Há números que falam por si. 280 km/h é um deles. Foi precisamente este valor que um radar da Guarda Nacional Republicana registou na A13, entre Salvaterra de Magos e Almeirim. Ainda assim, o caso pode não terminar com multa. Pelo contrário: o condutor poderá mesmo sair ilibado.
A notícia avançada pelo Notícias do Sorraia (via Sapo) diz que o automobilista foi identificado e autuado numa operação de fiscalização da GNR, junto às portagens de Almeirim. O auto prevê uma coima de 500 euros, perda de quatro pontos na carta de condução e uma inibição de conduzir por dois meses: sanções associadas a uma contraordenação muito grave.
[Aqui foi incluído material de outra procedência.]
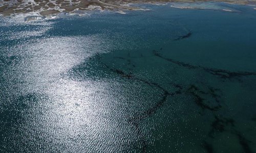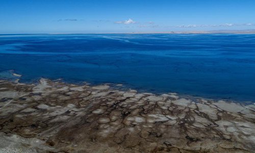 Aerial photo taken on Oct. 19, 2017 shows the floodplain of Qinghai Lake, China's largest inland saltwater lake, in northwest China's Qinghai Province. The surface area of Qinghai Lake reached 4,497.01 square km, the highest record since 2001, according to data from the Qinghai Institute of Meteorological Sciences. Qinghai Lake plays an important role in the ecological security of the Qinghai-Tibet Plateau. It has been expanding since 2005 thanks to abundant precipitation in surrounding areas and increased snow melt due to climate change. (Xinhua/Wu Gang)

Só que o condutor poderá escapar à multa por um detalhe técnico com peso legal. Segundo o jornal, o radar utilizado na operação estará certificado apenas até aos 250 km/h. Ou seja, acima desse valor, não existe garantia formal de que a medição corresponda à velocidade real do veículo.
O condutor decidiu contestar o auto por isso mesmo: se o radar não está certificado para medir velocidades acima dos 250 km/h, então não pode garantir, do ponto de vista legal, que os 280 km/h registados sejam fiáveis. E sem fiabilidade técnica certificada, a infração poderá não resistir.
É aqui que o caso ganha outra dimensão. Não está em causa discutir se circular a velocidades desta ordem é perigoso — isso é evidente. O que está em causa é saber se o Estado pode sancionar com base numa medição que ultrapassa os limites de certificação do próprio equipamento.
O que diz a ANSR
A Autoridade Nacional de Segurança Rodoviária explicou ao Notícias do Sorraia que a sua função se limita à certificação dos radares, em parceria com o Instituto Português da Qualidade. A escolha e distribuição dos equipamentos cabe às forças de segurança.
No website da ANSR existem certificados para radares homologados até 300 km/h, mas também muitos cuja certificação se fica pelos 250 km/h, como parece ser, alegadamente, o utilizado neste caso.
A decisão da ANSR sobre a contestação apresentada pelo condutor apanhado a 280 km/h ainda não foi tomada e o processo pode mesmo seguir para tribunal.